Like many other problems in government, inconsistent federal enforcement is easier to diagnose than it is to cure, and has persisted through various changes in Administration. As long as responsibility is shared by EPA and state agencies, we are going to need to tolerate some diverse approaches to environmental enforcement, which is not necessarily a bad thing. States need room to innovate, and in any case, divided government is part of our constitutional framework.

But so is the idea that citizens deserve equal protection under the law, which becomes meaningless if polluters can virtually ignore federal environmental laws in some parts of the country. Although we will never achieve perfection, we need to do our best to provide both the regulated industry and the public with a level playing field.

Although there are no silver bullets, there are some actions that could help to improve the consistency of environmental enforcement. Both EPA and state agencies are understaffed relative to their workload, which means that some of the largest facilities can go years without ever seeing an inspector. Permit fees provide a source of revenue that can be more reliable than annual appropriations, and both Congress and state legislatures should assess whether these are sufficient to meet program needs.

Both the IG and the GAO have recommended that major sources of pollution be required to use state of the art monitoring to track emissions, instead of the inaccurate accounting still in use at many facilities, which amount to little more than guesswork. Instead, the USEPA has rolled back emissions monitoring to accommodate industry lobbyists, despite having been reprimanded twice for such actions by the DC Circuit Court of Appeals.

EPA needs to make enforcement expectations clearer for states running federal programs. Some states may welcome this clarity; the GAO reported in 2002 that forty of the states it surveyed would support a federal mandate to inspect all underground storage tanks periodically, since that could provide the leverage to secure adequate funding from their state legislatures.

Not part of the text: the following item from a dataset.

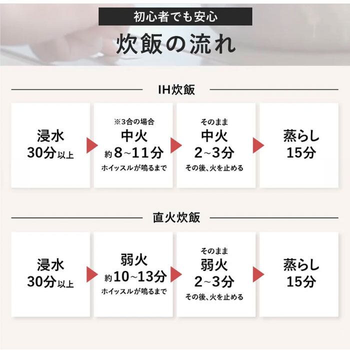 IHで炊くと炊飯器で炊いていた時より美味しくとっても便利です。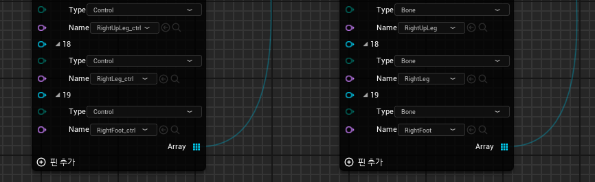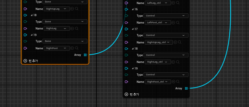 이번에는 아까 선택했던 뼈를 골라 어레이를 만든다 뼈가 앞에오게 한다.

Unfortunately, there is no substitute for regular oversight of state programs, and this is probably EPA’s toughest job. Nobody likes to be audited, and the agency will have to exercise this responsibility with sensitivity and skill. Outstanding efforts need to be recognized, but the Agency must have enough leverage to step in and at least temporarily manage enforcement activity where a state’s program is clearly deficient.

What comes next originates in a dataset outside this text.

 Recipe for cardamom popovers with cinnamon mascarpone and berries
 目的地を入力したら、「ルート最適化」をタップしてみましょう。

Congress can help by asking the right questions and sending the right signals to both EPA and state agencies. Unfortunately, I cannot think of a single hearing that either the Senate or the House has scheduled in the last ten years to address any of the repeated concerns that the IG or the GAO have raised about uneven enforcement of federal environmental laws. Unless I am mistaken, today’s hearing was prompted by complaints from a trade association that EPA was not polite enough when offering to waive all penalties, if its member companies would be kind enough to voluntarily comply with risk management requirements that have assumed particular importance after 9/11.

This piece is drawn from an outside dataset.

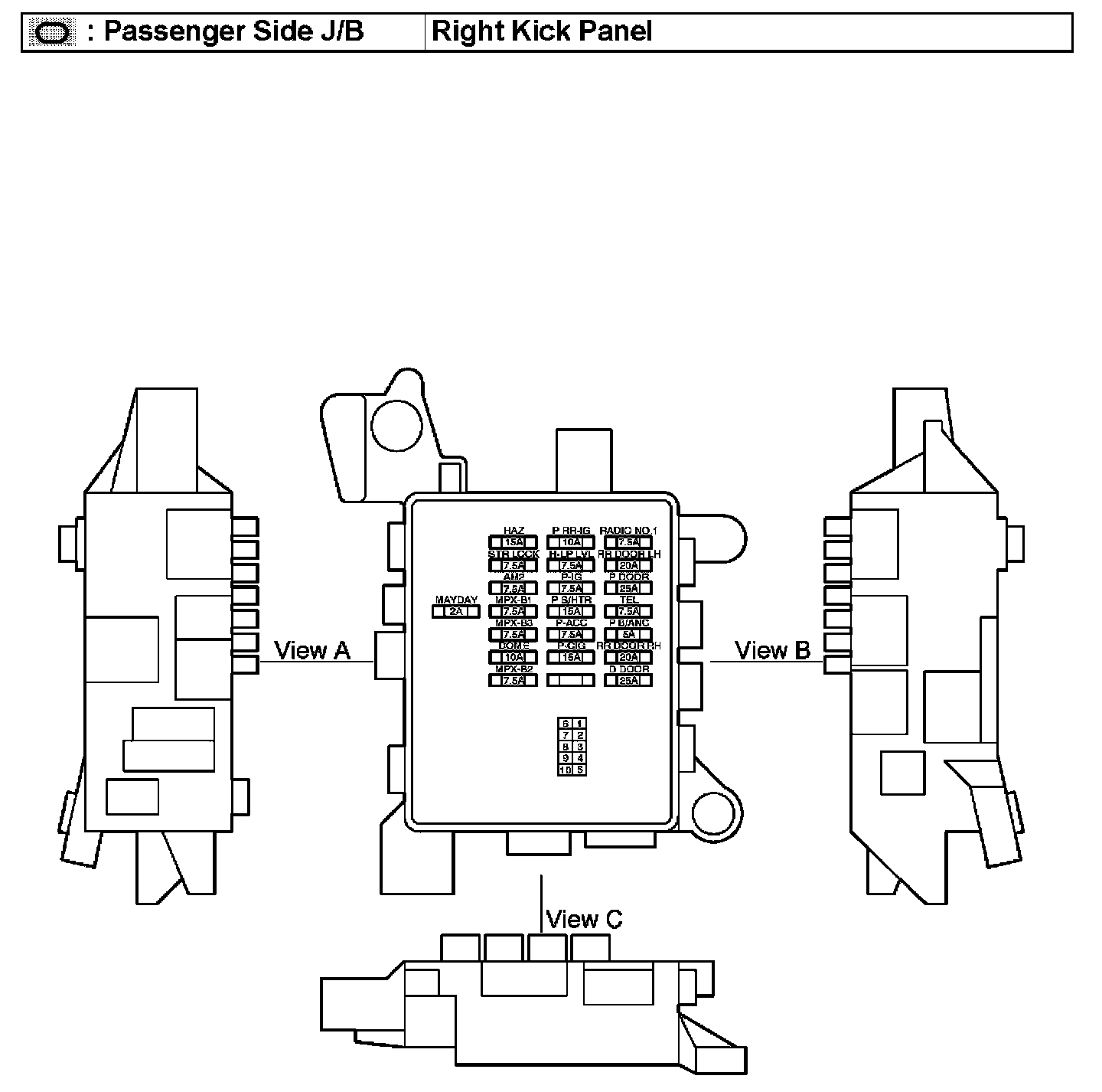 Passenger Side J/B - Right Kick Panel:

Such voluntary programs can be a valuable adjunct to enforcement, and perhaps EPA was not as tactful as it could have been when describing the terms of the amnesty it was offering in exchange for compliance. But if Congress is concerned about inconsistency, I would respectfully suggest that the biggest problem by far is the lack of any meaningful environmental enforcement at all in some of the most heavily polluted parts of our country. This shortfall has been thoroughly documented by the government’s own auditors over the last decade, and I hope you will give their work the serious attention it deserves.